Le temps chaud et humide connu dernièrement au Saguenay-Lac-Saint-Jean donne espoir aux agriculteurs en prévision de la dernière coupe de foin dans la région.
Le temps chaud et humide connu dernièrement au Saguenay-Lac-Saint-Jean donne espoir aux agriculteurs en prévision de la dernière coupe de foin dans la région.

Les agriculteurs de la région moins affectés par la sécheresse

Myriam Gauthier
Myriam Gauthier
Initiative de journalisme local - Le Quotidien
Les agriculteurs du Saguenay-Lac-Saint-Jean sont moins durement affectés par la sécheresse qui fait craindre à plusieurs une importante pénurie de foin à travers la province. Si la situation se maintient, la production régionale de foin devrait être suffisante et pourrait même permettre d’approvisionner quelques producteurs d’autres régions.

Depuis le 1er mai, le Saguenay-Lac-Saint-Jean a reçu environ 85 millimètres de pluie de moins que la normale jusqu’à maintenant, estime le président régional de l’Union des producteurs agricoles (UPA), Mario Théberge. Le secteur du Saguenay est plus affecté par la sécheresse que le Lac-Saint-Jean, selon les relevés d’Agrométéo Québec qu’il avait en main mardi.

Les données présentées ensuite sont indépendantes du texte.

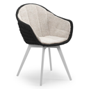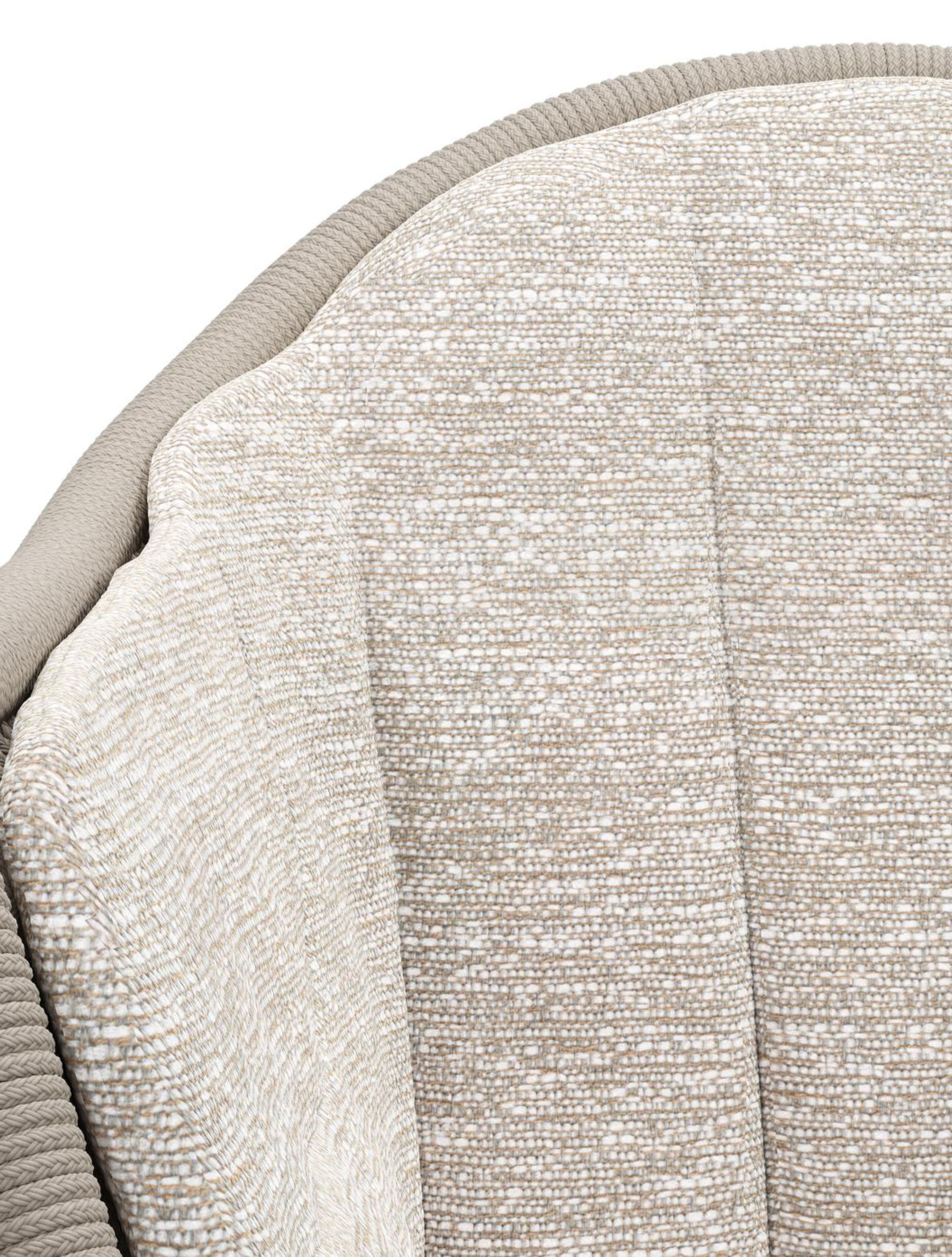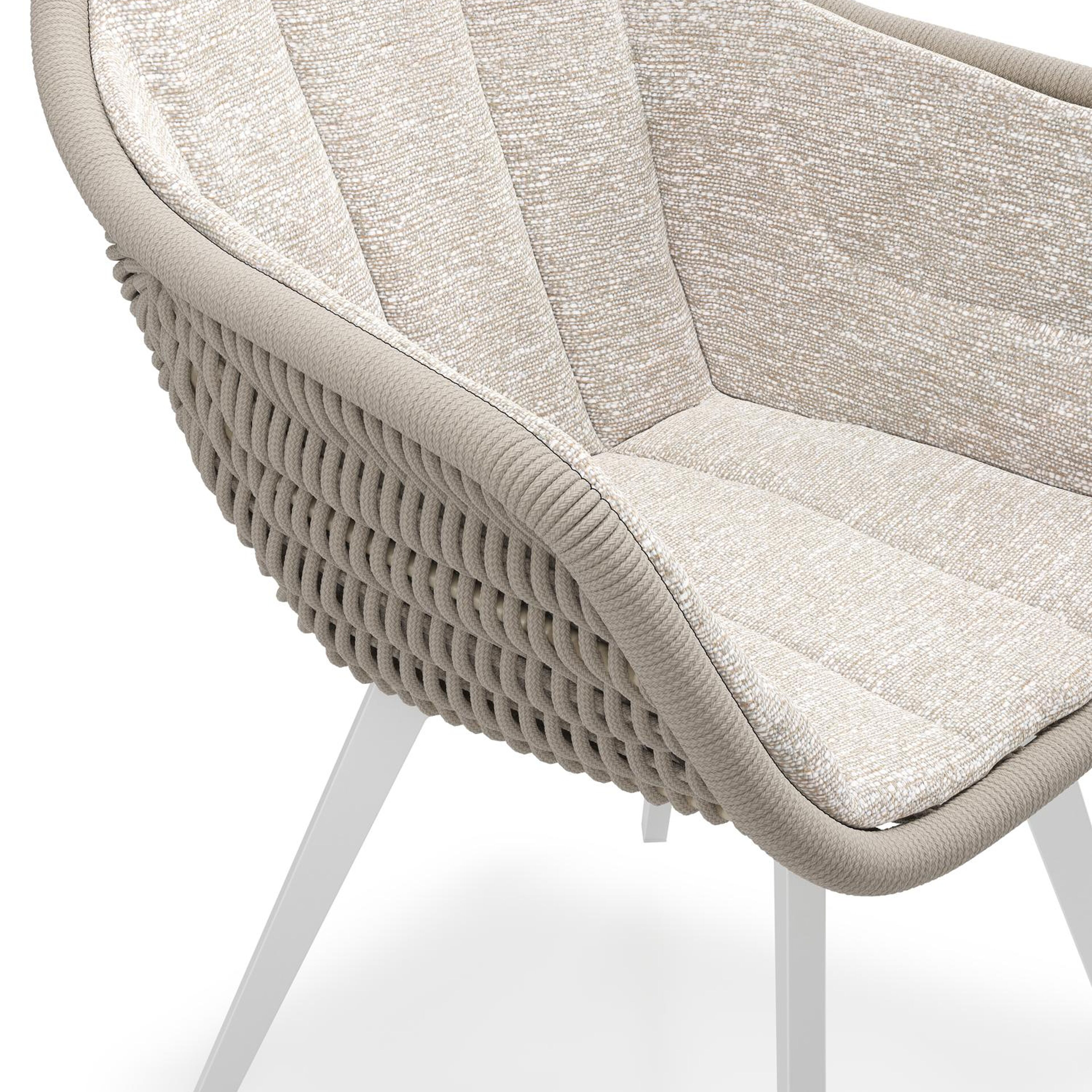 Pagino tuinstoel in wit aluminium en beige verticaal geweven ronde rope met zitkussen in All Weather Sunbrella® Luxe Tundra Sand | Exterioo tuinmeubelen
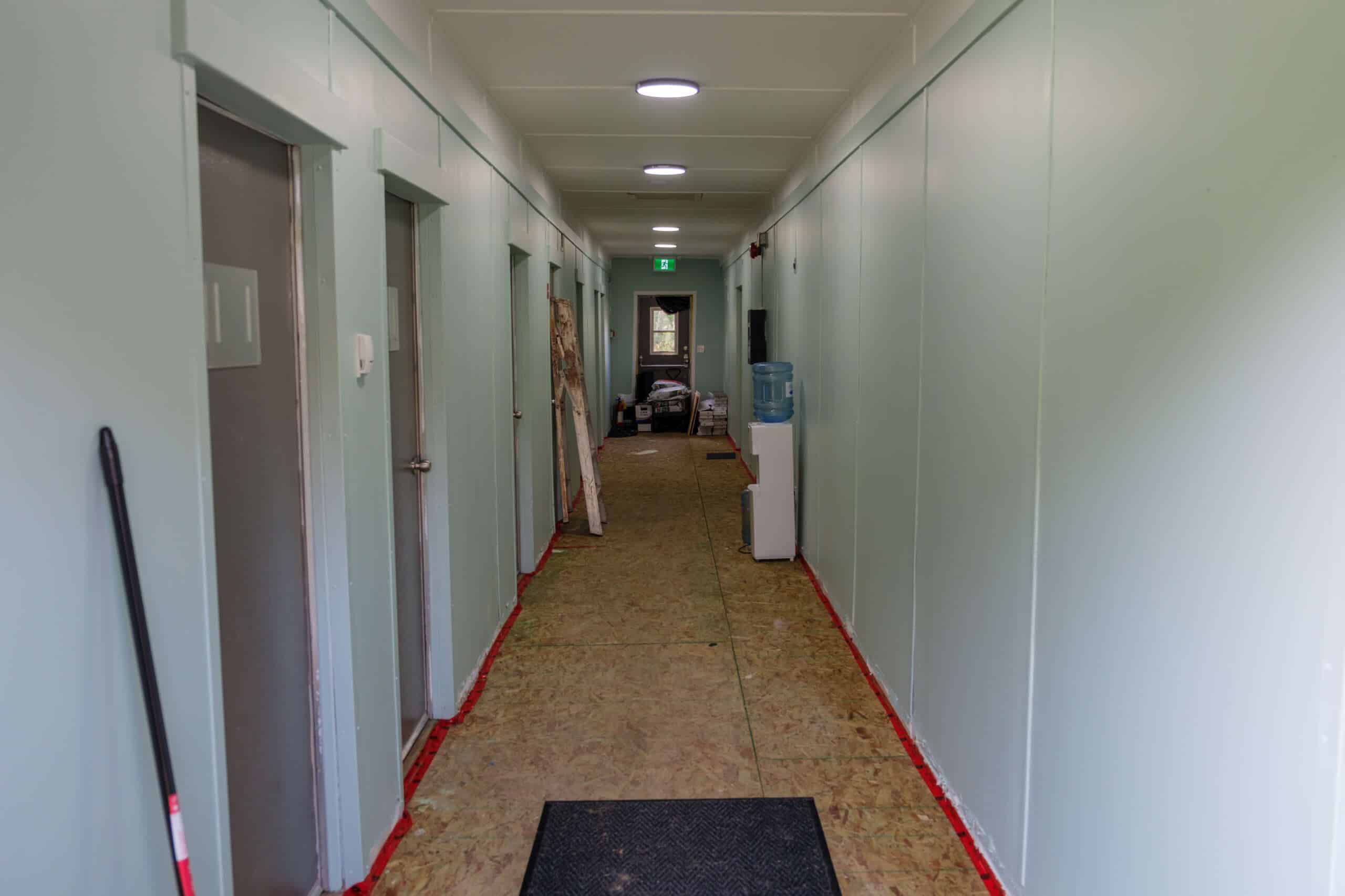 This past spring, work was completed on the roof, insulation, and electrical systems. By early summer, the plumbing and sewer were connected, and internet was installed. With these essentials in place, the building was ready for use and served as a home for our summer staff, giving them a dedicated space of their own.
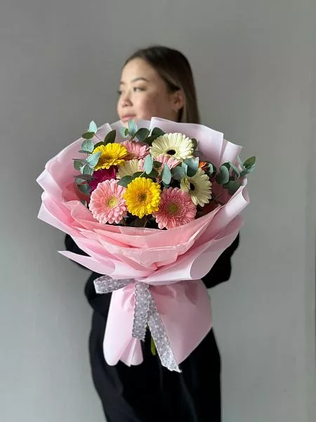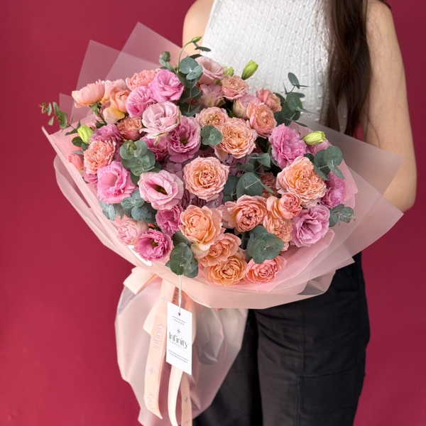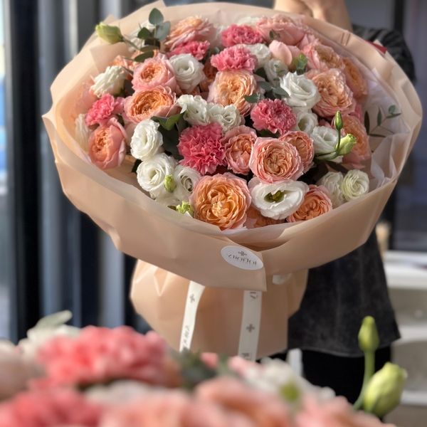 Bouquet Sun in clouds M with peony rose, carnation and lisianthus
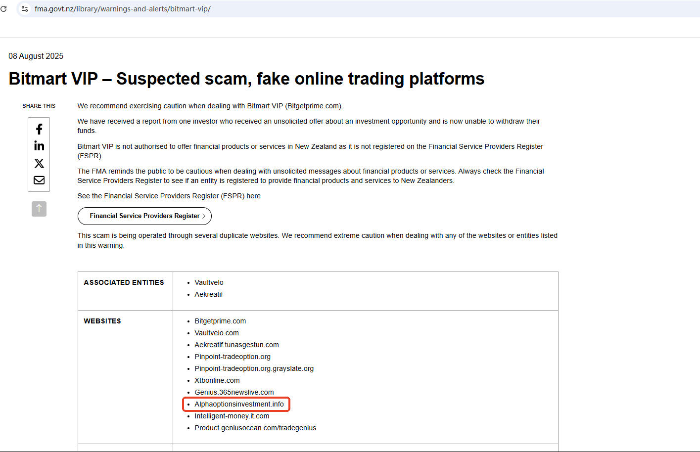 On Aug 8, 2025, the New Zealand Financial Markets Authority (NZ FMA) added Alphaoptions Investment its warning list, stating that this is a fake investment platform. https://www.fma.govt.nz/library/warnings-and-alerts/bitmart-vip/
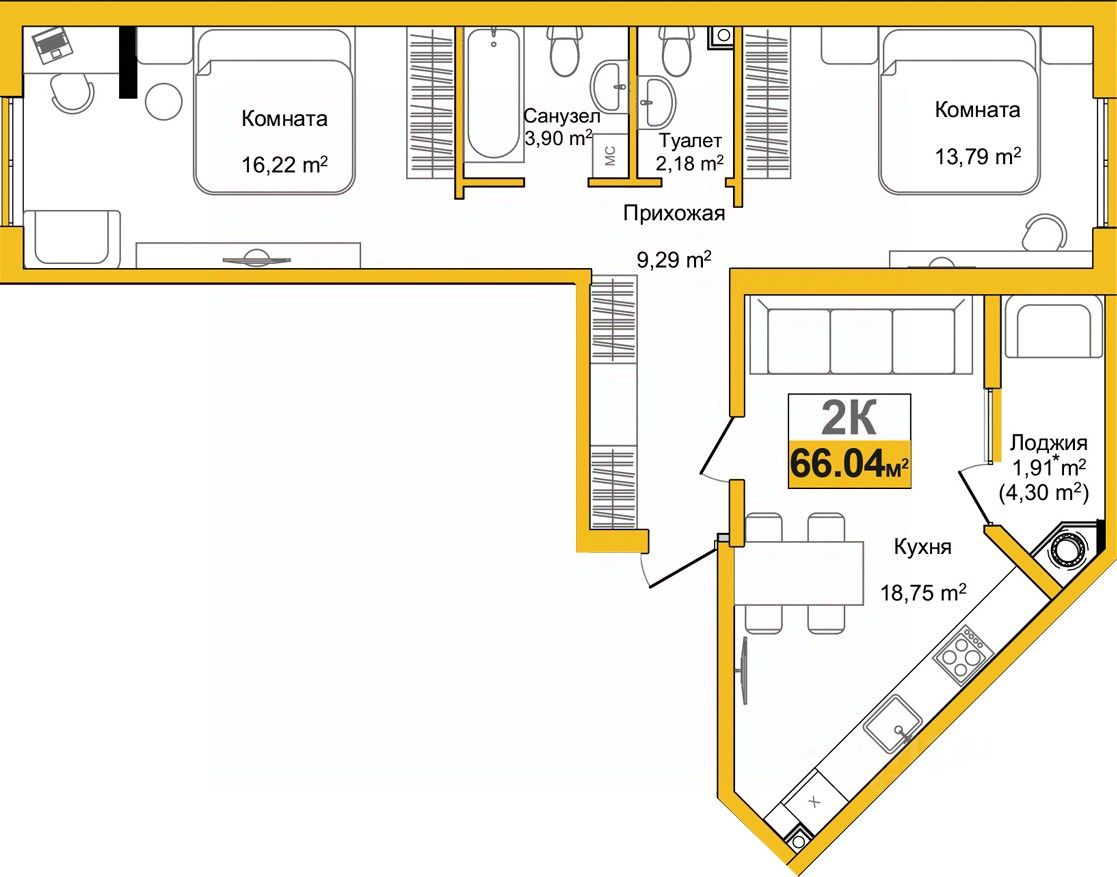 66 м² · Этаж 1 из 10
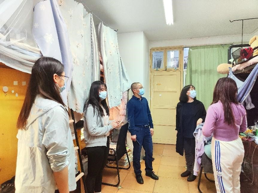 走访慰问过程中,老师们在宿舍内与同学们进行亲切交流,悉心询问同学们在封闭管理期间的身体状况及学习、生活保障情况,宽慰同学们的心理,叮嘱同学们做好自我防护。走访的老师们特别提醒同学们,无论是居寝隔离期间还是待宿舍园区解控以后,寝室都要勤开窗、常通风、保持寝室整洁卫生。法律人讲条理、讲逻辑、讲层次,整洁有序的环境有助于愉悦心情、提高学习效率。
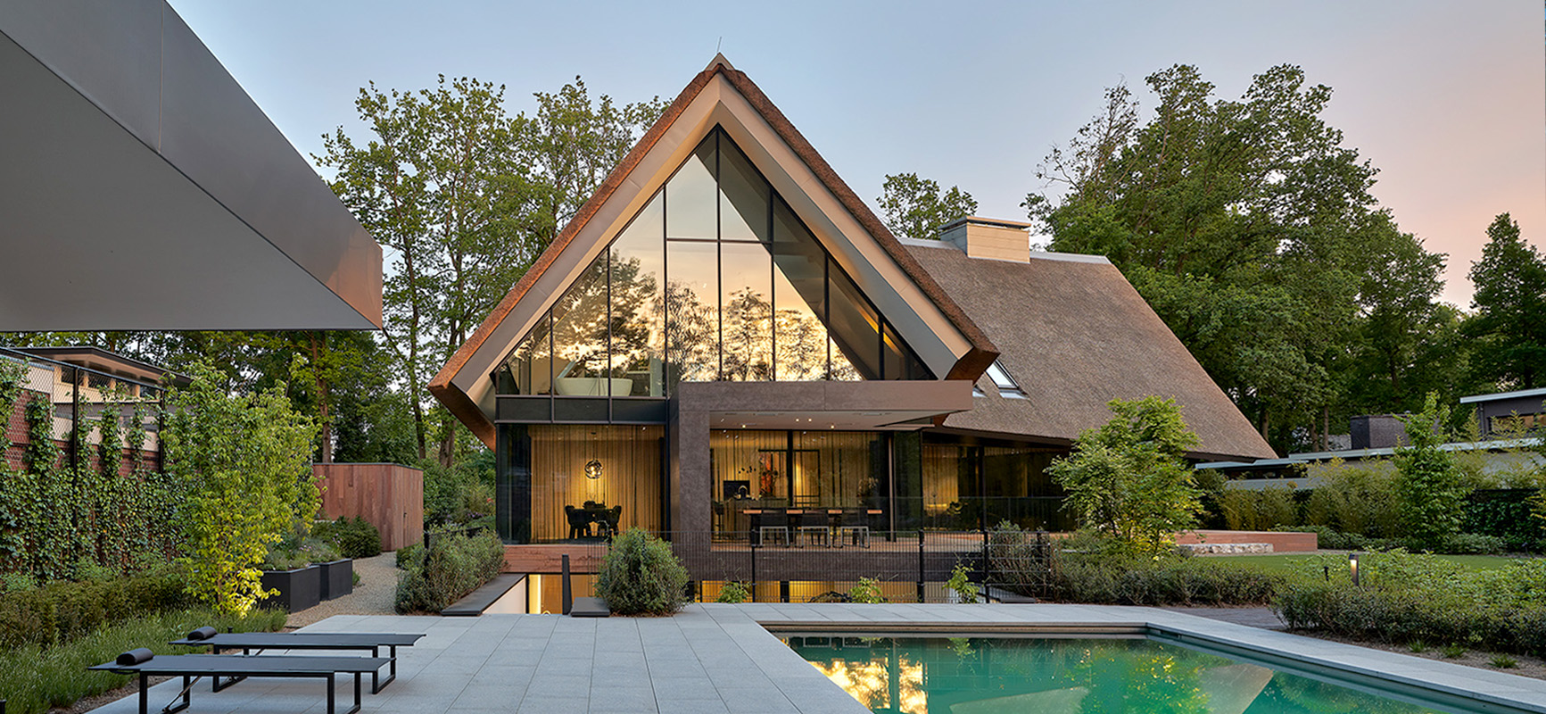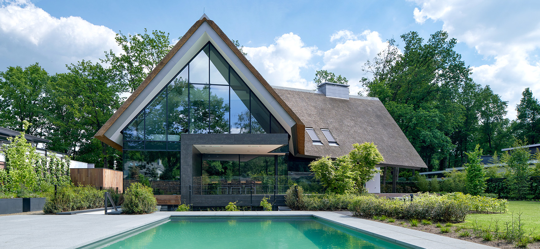 In omgeving Eindhoven verzorgde Emyko het turn key villa maatwerk interieur (ontwerp van ons label Emyko.com) van een volledig nieuw landhuis. Deze schitterende villa is ontworpen door LA Architecten uit Veghel. Het zeer goed doordachte ontwerp met een grote rieten kap, gestukadoorde wanden en grote transparante gevelvlakken zorgt voor een mooie aansluiting op de omgeving.

Bien que les rendements aient diminué de 25% à 50% pour la première coupe de foin, selon le type de culture, le Saguenay-Lac-Saint-Jean connaît un manque de précipitations moins important que plusieurs autres régions. «Au Centre-du-Québec, à Bécancour – c’est une belle région agricole –, le maïs est moins beau que celui de mon voisin qui est à Normandin», donne en exemple le producteur, dont les terres sont situées dans au nord du Lac-Saint-Jean.


« Vous savez, c’est une température tropicale qu’on a là, souligne M. Théberge. De la pluie, des orages, c’est chaud, humide, ça n’a pas de bon sens. Ça fait que ça pousse! »
Mario Théberge

Les régions de la Mauricie, de Lanaudière et de la Côte-Nord, notamment, sont particulièrement affectées par la sécheresse qui sévit cette saison. Certains producteurs ont même réduit leur troupeau, craignant de ne pouvoir s’approvisionner suffisamment pour nourrir toutes leurs bêtes pendant l’hiver.

Temps chaud et humide
Le temps chaud et humide connu dernièrement au Saguenay-Lac-Saint-Jean donne espoir aux agriculteurs qui n’ont pas encore procédé à leur deuxième et dernière coupe de foin de la saison. «Vous savez, c’est une température tropicale qu’on a là, souligne M. Théberge. De la pluie, des orages, c’est chaud, humide, ça n’a pas de bon sens. Ça fait que ça pousse!» Cette seconde récolte devrait atteindre un rendement normal.

La situation est cependant plus difficile pour les producteurs qui ont choisi de faucher le foin à trois reprises cet été. Pour plusieurs, la deuxième coupe a été réalisée récemment. À l’image de la première, le rendement a été «très, très moyen», indique le président régional.

Les espoirs d’un meilleur rendement reposent alors sur la dernière coupe, si le temps chaud et humide se maintient dans les prochaines semaines.

Une production qui devrait être suffisante
Mario Théberge s’attend dans la situation actuelle à ce que les producteurs laitiers et de bovins du Saguenay-Lac-Saint-Jean n’aient pas besoin de s’approvisionner en foin à l’extérieur de la région.

La diminution du nombre de bêtes d’élevage dans la région depuis une dizaine d’années aidera aussi les agriculteurs à tirer leur épingle du jeu. «Il y a beaucoup de producteurs qui ont encore leurs terres, mais qui n’ont plus d’animaux. Ils font quand même du foin, mais pour le vendre.»

Le président régional invite ses membres à faire preuve de solidarité en ne profitant pas de la rareté du foin pour hausser les prix de façon démesurée.

Des agriculteurs de la région pourraient même être en mesure de vendre du fourrage à d’autres producteurs du Québec qui sont nombreux à regarder du côté de l’Ouest canadien en prévision de l’hiver.

«On ne fournira pas toute la province, prévient cependant le président régional, qui ne veut pas créer de faux espoirs. Ça peut être pour quelques producteurs seulement.»